А эту часть дороги, какую допрежь обычно называли ущельем, стали с тех пор именовать Дорогой Схватки. И местные жители всякий раз столь упорно и яростно бились на ней, что и по сей день, ежели там ненароком сойдутся крестьяне из обеих деревень (ибо гора с горой не встречается, а человек с человеком сходится, ежели только оба не горбаты), то уж беспременно задирают друг друга и пускают в ход кулаки единственно для того, чтобы поддержать сей славный и достохвальный обычай: так они пообещали и поклялись делать и поступать, сами по доброму своему желанию и согласию положили держаться сего правила, как говорится, ныне, и присно, и во веки веков.

Вот что я хотел поведать вам об этом приснопамятном дне на Дороге Схватки, и, поверьте, рассказал я все так, как сам слыхал.

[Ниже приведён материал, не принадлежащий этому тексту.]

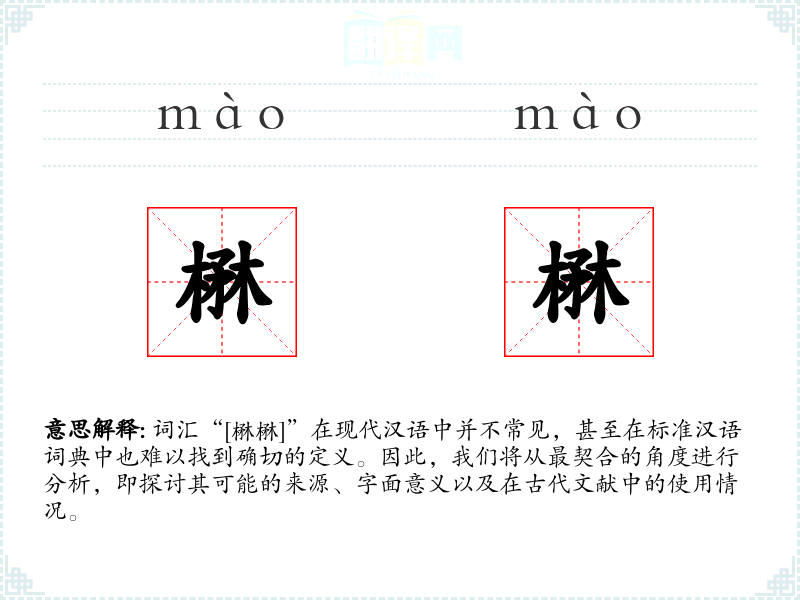 词汇“[楙楙]”在现代汉语中并不常见,甚至在标准汉语词典中也难以找到确切的定义。因此,我们将从最契合的角度进行分析,即探讨其可能的来源、字面意义以及在古代文献中的使用情况。
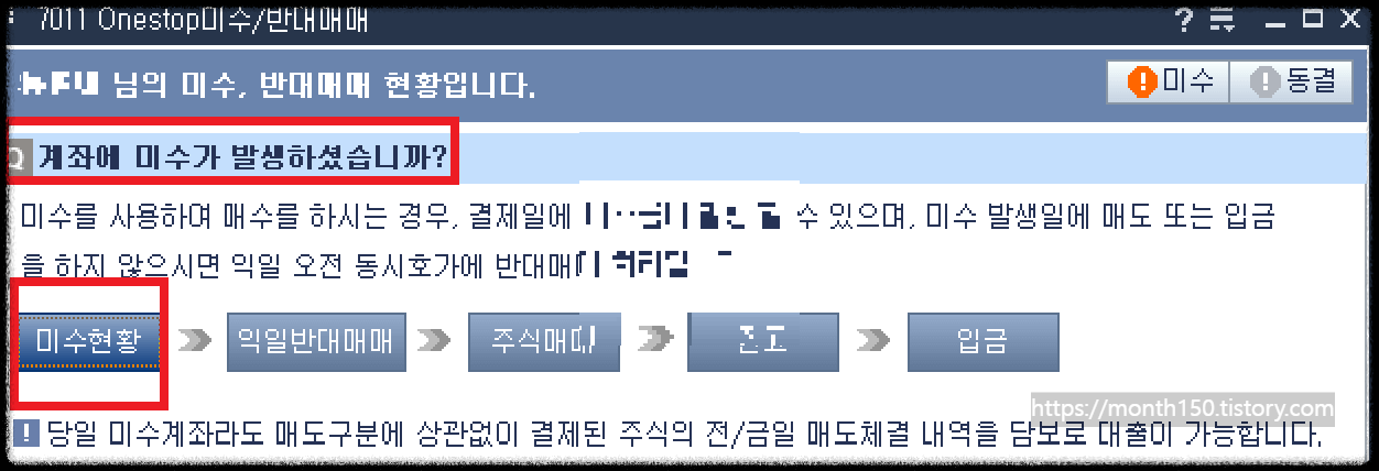 ③ 주식잔고에 미수확인
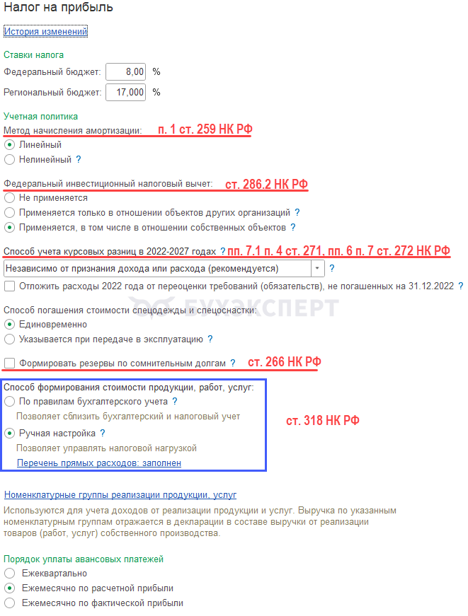 Подробнее Учетная политика по НУ: вкладка Налог на прибыль
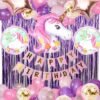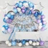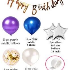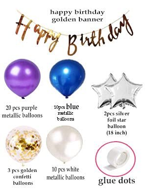 happy birthday’ golden banner(1 set), 20pcs purple metallic,10pcs blue metallic,10pcs white metallic,3pcs golden confetti balloons,2pcs silver foil star balloon,glue dots.
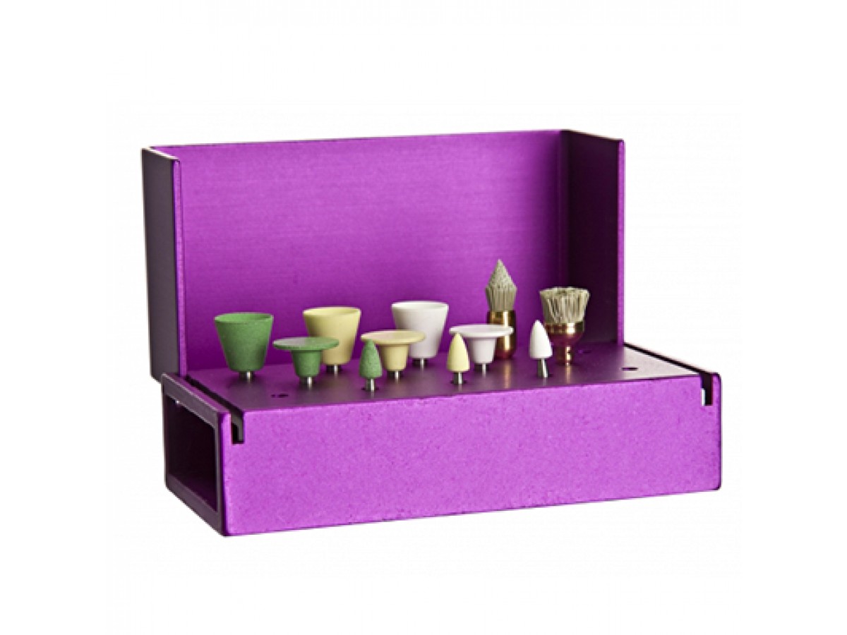 - Полировочные головки Jiffy малой абразивности (Fine): чашеобразная, колесовидная, пламевидная – по 1 шт.
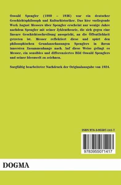 Oswald Spengler (1880-1936) war ein deutscher Geschichtsphilosoph und Kulturhistoriker. Das hier vorliegende Werk August Messers über Spengler erscheint nur wenige Jahre nachdem Spengler mit seiner Zyklentheorie, die sich gegen eine lineare Geschichtsschreibung ausspricht, an die Öffentlichkeit getreten ist. Messer reflektiert diese und spürt den philosophischen Grundanschauungen Spenglers in ihrem innersten Zusammenhange nach. Auf diese Weise gelingt es Messer, ein sensibles und differenziertes Bild Oswald Spenglers und seiner Ideenwelt zu zeichnen.

Тут заговорил Ансельм и присовокупил, что жители Венделя испокон веку были страсть какие забияки и никогда удержу в гневе своем не знали. Однако ж чаще всего они бывали биты или уж непременно попадали впросак.

XII Перро Зубощелк

Нет здесь, конечно же, никого, кто не знает, что Перро был славный малый, щеголял он в камзоле тонкого сукна и отличался весьма тонким умом, а уж выпить-то был всегда готов, не слишком заботясь о том, кто за выпивку платить станет. Понеже все мы несовершенны, то и у него был один недостаток: насколько хорошо он разбирался в чужих делах, настолько же бывал слеп, худоумен и безрук, едва речь заходила о его собственных, ибо, сдается мне, куда как просто давать советы, но тот, кто других поучает, сам зачастую ничего не умеет. Перро распоряжался в своей округе словно бы полубог какой, и был он, как говорится, первый человек на деревне. А получалось это, как я уже сказывал, поелику умел он весьма скоро чужие дела' решать, и все обращались к нему за советом, зане слыл он человеком знающим и поднаторевшим в делах; и посему ни одна тяжба (а это немало) не начиналась, покамест он к ней своей руки не приложит; водрузив на нос очки, потому как был он подслеповат, Перро погружался в изучение бумаг и с важностью изрекал свое суждение; зато в благодарность он всегда первым вкушал от плодов местных земледельцев; приносили ли ему гусят либо цыплят – ничем он не брезговал и, ничуть не чинясь, брал все без разбора, хотя сперва для вида отказывался, говоря (по обычаю стряпчих), что с него хватило бы и словесной признательности, но коль скоро проситель так настаивает, то уж ничего не поделаешь. А еще отличался он превосходным свойством: где бы ни шла пирушка, он был тут как тут, даже если его и не звали. Прямо с порога принимался хихикать и обращался к честной компании обычно так:

– Да пребудет господь Бог в доме сём, а монахов к чертям пошлем! Мир честной компании. Да будет на то воля божья, чтобы мы и век спустя могли здесь друг друга обнять!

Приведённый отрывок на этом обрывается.